ケーシー博士がたまに「連絡はあったか」と聞いてくる。博士は宇宙人を心待ちにしている。
この間にも月日はどんどん流れて行った。

少しづつ世界は動揺しながらも、静かな落ち着きを見せ始めて来たようだ。すぐどうこうできる問題ではないのが分かって来て、それぞれの場所で日常の会話がなされるようになってきた。村の女衆も小川で洗濯しながら亭主の悪愚痴や冗談が口に出るようになっていった。

そうして三年経った……信じられないがこの間宇宙人からの呼びかけは全くなかったのだ。

宇宙人は地球を見離したのでは……僕はそう思うようになっていた。博士からはもう長い間問い合わせもない。
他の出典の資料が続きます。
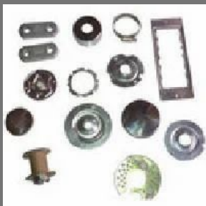
Engineering Parts - Wear Strip

僕の中の憎しみ、怒り、憤りはこの間に徐々に薄まり、考えが変わっていった。

クラノスがいなければ逃げなくて済んだだろう。宇宙人が来る日が違ってたら遭難することもなかっただろう。もしこう違ってたらと悔やみ、怨み、抜け道の無い個室の中でさまよっていた。その中から抜け出せれたのは学校生活やラグビーに没頭して考えないようにしたこともあるけれど、世界の動揺を目のあたりにしていつまでも個人の確執にこだわり続ける自分のありようを見つめ直し始めたからだろう。

偶然だったんだ。宇宙人のせいではないのだ。僕はようやく宇宙人を許すことが出来た。
そして今……地球を救うには宇宙人の力を借りなければと本気で思っている。なのに肝心な宇宙人がなにも言って来ない。

僕は学校を卒業すると、村に戻った。

ケーシー博士はオーストラリアの上の学校に進級することを進めてきたが断った。
ジョセは町の缶詰工場に働きに、ハントは連邦の学校へ進級するため島を出て行った。
クルスはラグビーの才能を見込まれてオーストラリアのラグビーで有名な学校へ行った。
「アマトだったら学校へ行けるのになんで村にひきこもるんだ」
とジョセが不思議がったがバラムにいたいからと答えた。

僕は毎日漁に出て、たまにはマタイのお祖父ちゃんのところへ船で尋ねたりした。
パシカはレオンに手を引かれてバスで町の学校に通っている。そのパシカを船で迎えに行くこともある。
村の衆は、若い僕が村に残って畑や、漁に汗を流しているのを感心したり不思議に思ってもいるようだが僕は気にしない。

300年のうちもう3年が過ぎた。僕に出来ること、それは宇宙人を信じて連絡が来たらいつでも応じられるこの村に、洞窟の近くにいることだ。それはいつのことか……明日かもしれない。10年先かもしれない。もっと悪く考えると来ないかもしれない。それでも僕はここにいよう。